■ **WHAT TO DO**: Set every line of the data down again exactly, and keep the pictures out.

■ **THE DATA**:
--------------------------------

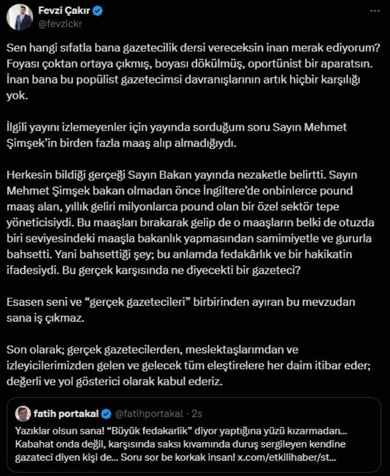 Gerçekleştirilen yayınla ilgili Fatih Portakal bir paylaşım yaptı ve Çakır'a "Soru sor be korkak insan!" dedi. Bunun üzerine Çakır'dan sert bir cevap geldi.
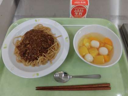 ジャージャーめん フルーツ白玉 牛乳
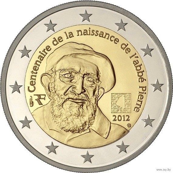 2 евро 2012 Франция 100 лет со дня рождения аббата Пьера UNC из ролла

--------------------------------

■ **OUTPUT**:
 Gerçekleştirilen yayınla ilgili Fatih Portakal bir paylaşım yaptı ve Çakır'a "Soru sor be korkak insan!" dedi. Bunun üzerine Çakır'dan sert bir cevap geldi.
 ジャージャーめん フルーツ白玉 牛乳
 2 евро 2012 Франция 100 лет со дня рождения аббата Пьера UNC из ролла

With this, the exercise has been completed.